Spark Structured Streaming MQTT

A library for reading data from MQTT Servers using Spark SQL Streaming ( or Structured streaming.).

Linking

Using SBT:

libraryDependencies += "org.apache.bahir" %% "spark-sql-streaming-mqtt" % "2.0.1"

Using Maven:

<dependency>
    <groupId>org.apache.bahir</groupId>
    <artifactId>spark-sql-streaming-mqtt_2.11</artifactId>
    <version>2.0.1</version>
</dependency>

This library can also be added to Spark jobs launched through spark-shell or spark-submit by using the --packages command line option. For example, to include it when starting the spark shell:

$ bin/spark-shell --packages org.apache.bahir:spark-sql-streaming-mqtt_2.11:2.0.1

Unlike using --jars, using --packages ensures that this library and its dependencies will be added to the classpath. The --packages argument can also be used with bin/spark-submit.

This library is compiled for Scala 2.11 only, and intends to support Spark 2.0 onwards.

Examples

A SQL Stream can be created with data streams received through MQTT Server using,

sqlContext.readStream
    .format("org.apache.bahir.sql.streaming.mqtt.MQTTStreamSourceProvider")
    .option("topic", "mytopic")
    .load("tcp://localhost:1883")

Enable recovering from failures.

Setting values for option localStorage and clientId helps in recovering in case of a restart, by restoring the state where it left off before the shutdown.

sqlContext.readStream
    .format("org.apache.bahir.sql.streaming.mqtt.MQTTStreamSourceProvider")
    .option("topic", "mytopic")
    .option("localStorage", "/path/to/localdir")
    .option("clientId", "some-client-id")
    .load("tcp://localhost:1883")

Configuration options.

This source uses Eclipse Paho Java Client. Client API documentation is located here.

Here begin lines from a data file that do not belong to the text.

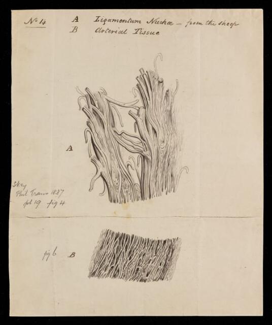 Frederic Carpenter Skey, Drawings, ligamentum nuchae of sheep and artery by [Frederic Carpenter Skey?], 1837, PT/74/4/22, The Royal Society Archives, London, https://makingscience.royalsociety.org/items/pt_74_4_22/drawings-ligamentum-nuchae-of-sheep-and-artery-by-frederic-carpenter-skey, accessed on 06 December 2025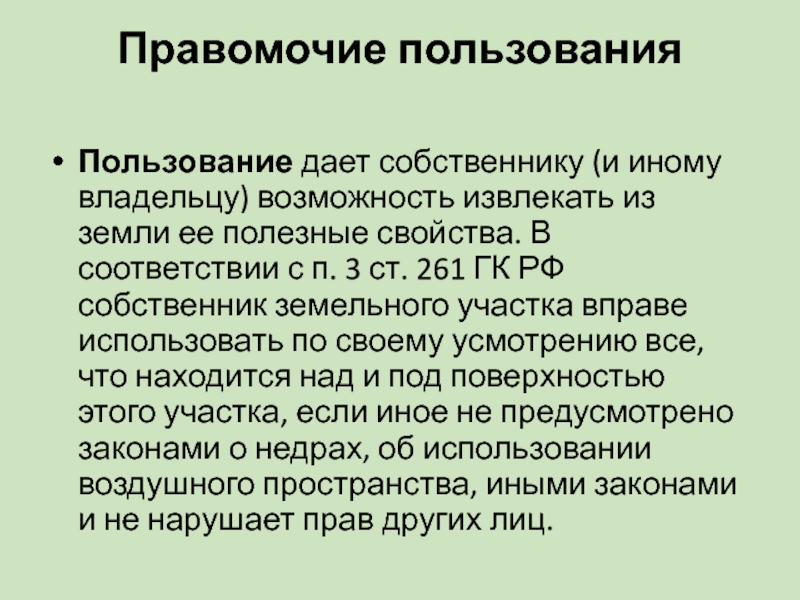 Правомочие владения дает возможность обладать землей на основании закона, т.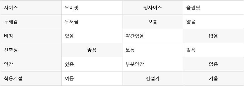 평소 입던 스타일과 달라 만족도가 낮을 수 있습니다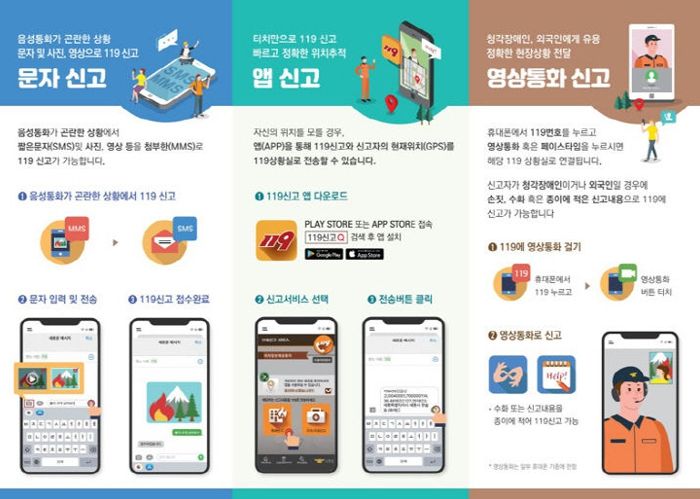 '119다매체신고서비스'는 신고자와 119상황요원 간의 영상통화는 물론 문자, 앱(App)으로도 신고가 가능해, 청각장애인 등 의사소통이 어렵거나 음성통화가 곤란한 경우 긴급 상황을 전달할 수 있다.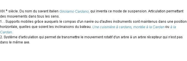 Définition du mot « cardan » (source wiktionary 2011).Merci à Emmanuelle et Gaspard pour la numérisation du mot cardan.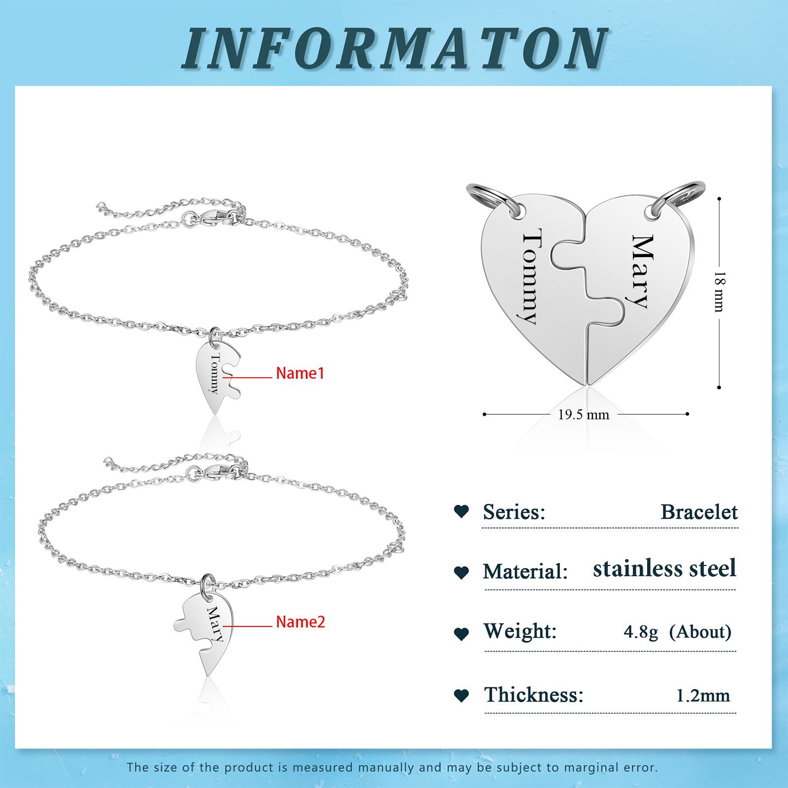2 Names - Personalized Custom Name Puzzle Bracelet Stainless Steel Love Bracelet Set for Family

brokerUrl A url MqttClient connects to. Set this or path as the url of the Mqtt Server. e.g. tcp://localhost:1883.
persistence By default it is used for storing incoming messages on disk. If memory is provided as value for this option, then recovery on restart is not supported.
topic Topic MqttClient subscribes to.
clientId clientId, this client is assoicated with. Provide the same value to recover a stopped client.
QoS The maximum quality of service to subscribe each topic at. Messages published at a lower quality of service will be received at the published QoS. Messages published at a higher quality of service will be received using the QoS specified on the subscribe.
username Sets the user name to use for the connection to Mqtt Server. Do not set it, if server does not need this. Setting it empty will lead to errors.
password Sets the password to use for the connection.
cleanSession Setting it true starts a clean session, removes all checkpointed messages by a previous run of this source. This is set to false by default.
connectionTimeout Sets the connection timeout, a value of 0 is interpretted as wait until client connects. See MqttConnectOptions.setConnectionTimeout for more information.
keepAlive Same as MqttConnectOptions.setKeepAliveInterval.
mqttVersion Same as MqttConnectOptions.setMqttVersion.

Scala API

An example, for scala API to count words from incoming message stream.

// Create DataFrame representing the stream of input lines from connection to mqtt server
val lines = spark.readStream
  .format("org.apache.bahir.sql.streaming.mqtt.MQTTStreamSourceProvider")
  .option("topic", topic)
  .load(brokerUrl).as[(String, Timestamp)]

// Split the lines into words
val words = lines.map(_._1).flatMap(_.split(" "))

// Generate running word count
val wordCounts = words.groupBy("value").count()

// Start running the query that prints the running counts to the console
val query = wordCounts.writeStream
  .outputMode("complete")
  .format("console")
  .start()

query.awaitTermination()

Please see MQTTStreamWordCount.scala for full example.

Java API

An example, for Java API to count words from incoming message stream.

// Create DataFrame representing the stream of input lines from connection to mqtt server.
Dataset<String> lines = spark
        .readStream()
        .format("org.apache.bahir.sql.streaming.mqtt.MQTTStreamSourceProvider")
        .option("topic", topic)
        .load(brokerUrl).select("value").as(Encoders.STRING());

// Split the lines into words
Dataset<String> words = lines.flatMap(new FlatMapFunction<String, String>() {
    @Override
    public Iterator<String> call(String x) {
        return Arrays.asList(x.split(" ")).iterator();
    }
}, Encoders.STRING());

// Generate running word count
Dataset<Row> wordCounts = words.groupBy("value").count();

// Start running the query that prints the running counts to the console
StreamingQuery query = wordCounts.writeStream()
        .outputMode("complete")
        .format("console")
        .start();

query.awaitTermination();

Please see JavaMQTTStreamWordCount.java for full example.